Xavi Domènech compara a Rufián y Montero con dos personajes históricos y les hace gesticular de inmediato
"Nos conocemos desde hace años...".

El exlíder de los Comuns, Xavier Domènech, ha sido el elegido para moderar el acto celebrado en la Universitat Pompeu Fabra (UPF), protagonizado por el portavoz de ERC en el Congreso, Gabriel Rufián, y la exministra de Igualdad, Irene Montero, en el que se tratará sobre el futuro de una izquierda alternativa.
El entorno de Rufián ha señalado a Europa Press que la charla no consistirá en buscar alianzas, sino en lanzar propuestas que ayuden a la izquierda. Durante el inicio del acto, Domènech ha sorprendido a todos cuando ha comparado a cada uno con un personaje histórico, provocando una reacción inmediata en sus gestos faciales.

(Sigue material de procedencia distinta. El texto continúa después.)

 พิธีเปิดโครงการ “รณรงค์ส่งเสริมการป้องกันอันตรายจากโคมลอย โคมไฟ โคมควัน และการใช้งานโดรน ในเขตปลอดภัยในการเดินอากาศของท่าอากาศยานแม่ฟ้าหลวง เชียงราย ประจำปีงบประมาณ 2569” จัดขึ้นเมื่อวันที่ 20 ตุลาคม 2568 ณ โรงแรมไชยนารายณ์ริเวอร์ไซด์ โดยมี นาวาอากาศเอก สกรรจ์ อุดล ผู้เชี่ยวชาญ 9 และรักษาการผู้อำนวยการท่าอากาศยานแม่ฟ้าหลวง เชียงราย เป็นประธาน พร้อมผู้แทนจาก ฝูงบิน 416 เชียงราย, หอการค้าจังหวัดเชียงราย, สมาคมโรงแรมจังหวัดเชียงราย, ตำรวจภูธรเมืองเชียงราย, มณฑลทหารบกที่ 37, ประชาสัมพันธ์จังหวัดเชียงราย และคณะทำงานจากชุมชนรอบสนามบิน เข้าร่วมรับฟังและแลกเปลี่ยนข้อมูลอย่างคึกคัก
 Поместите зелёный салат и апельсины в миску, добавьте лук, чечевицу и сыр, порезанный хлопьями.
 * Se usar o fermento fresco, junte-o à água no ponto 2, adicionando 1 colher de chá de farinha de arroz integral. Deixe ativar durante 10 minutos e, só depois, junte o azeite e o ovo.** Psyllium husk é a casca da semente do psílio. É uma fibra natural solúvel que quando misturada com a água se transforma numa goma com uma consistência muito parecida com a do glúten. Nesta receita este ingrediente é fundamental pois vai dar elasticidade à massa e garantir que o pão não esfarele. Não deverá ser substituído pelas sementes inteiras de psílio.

Primero ha comenzado con Irene Montero, de la que recordaba conocer desde hace varios años. "La definiría como una energía inigualable, para mí es La Pasionaria (Dolores Ibárruri) de la izquierda actual", ha comparado Domènech, provocando que la exministra de Igualdad una sorpresa total, arqueando las cejas y sonriendo. Por su parte, Rufián sonreía y miraba directamente a Montero. El aplauso en la sala ha sido atronador: "¡Bravo!".

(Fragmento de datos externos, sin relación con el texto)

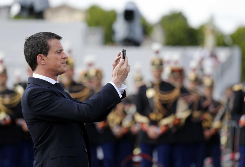 De Franse premier Manuel Valls neemt foto's van de militaire parade met zijn smartphone. AFP / Pascal Rossignol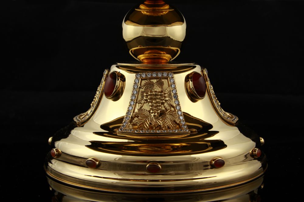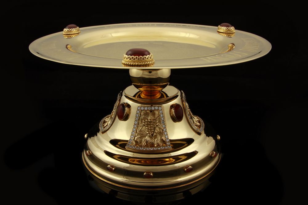 Дискос із золоченої латуні. Камені: натуральний сердолік. Вага у латуні: 960 г. Діаметр верхньої частини: 23,5 см. Можлива заміна сердоліку на натуральні нефрит, малахіт, чароїт, родоніт, лазурит. Можливе виготовлення дискосу зі срібла.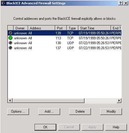 As opções avançadas de configuração permitem que se criem regras específicas com as seguintes opções: endereços IP específicos; todos endereços IPs; portas específicas; todas as portas; tipo de protocolo; regra de aceitação ou rejeição; e tempo de duração da regra. Com isto, é possível criar regras por períodos determinados, atrelados a algum ataque específico.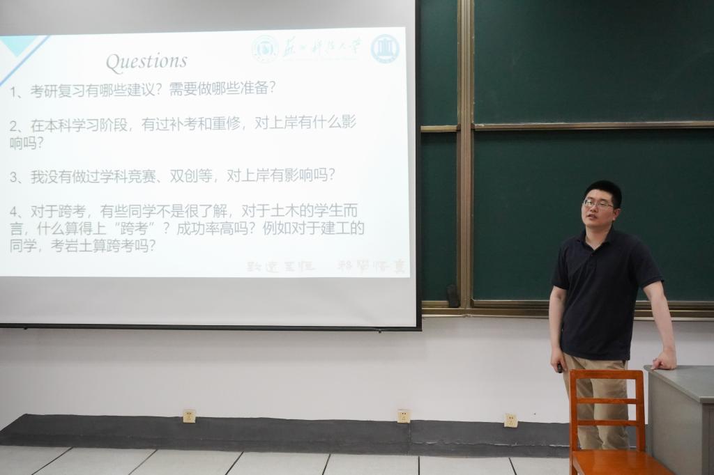 此次活动分为两个环节。第一环节,导师开讲。夏老师从所在团队研究的前沿技术与方向出发,结合实例为大家展示最新的研究成果及具体应用,对土木工程专业的前景进行深入分析和讲解,对该专业面临的机遇和挑战进行了深刻的阐述,对同学们未来发展方向给与指导。第二环节,师生交流。采用“一问一答”的形式,由主持人根据前期向同学们征集的问题进行提问,夏老师进行解答。夏老师指出,同学们要明确自身的考研目标与方向,学习并掌握多线程处理事情的方法,把握时间,制定好适宜自己的考研计划,合理备考。

"En aquel momento nació una estrella"
Domènech ha destacado la intervención de Montero durante la moción de censura de 2017 a Mariano Rajoy: "Todo el PP esperaba que te hundieras y les destrozaste de una manera tan espectacular que tuvo que salir Mariano Rajoy a responder".

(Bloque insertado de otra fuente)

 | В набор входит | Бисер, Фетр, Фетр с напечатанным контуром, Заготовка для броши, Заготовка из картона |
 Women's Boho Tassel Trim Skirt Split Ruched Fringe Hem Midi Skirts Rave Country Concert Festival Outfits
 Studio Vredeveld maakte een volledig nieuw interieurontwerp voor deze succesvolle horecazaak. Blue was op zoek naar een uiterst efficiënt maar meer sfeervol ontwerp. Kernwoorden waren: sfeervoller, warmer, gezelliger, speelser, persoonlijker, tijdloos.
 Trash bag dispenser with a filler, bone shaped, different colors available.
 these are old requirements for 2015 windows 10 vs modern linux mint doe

Por otro lado, de Gabriel Rufián ha dicho que tenían, irónicamente, una relación "muy especial", o más bien "enemigos íntimos". Rufián respondía: "Te odiaba, te odiaba mucho, eras muy bueno".
"Es verdad que nos enfrentamos en dos elecciones, nos conocemos desde hace años. No quedaría bien, pero yo diría que es el (Maximilien) Robespierre de la izquierda española y catalana, pero diré lo que sí me parece: el puño de hierro contra la derecha española y la derecha catalana. Sus discursos en el Congreso han estado inigualables", ha pronunciado.
Rufián reaccionaba sonriente y rascándose la parte trasera de la cabeza, antes de que la sala volviera a romper a aplaudir.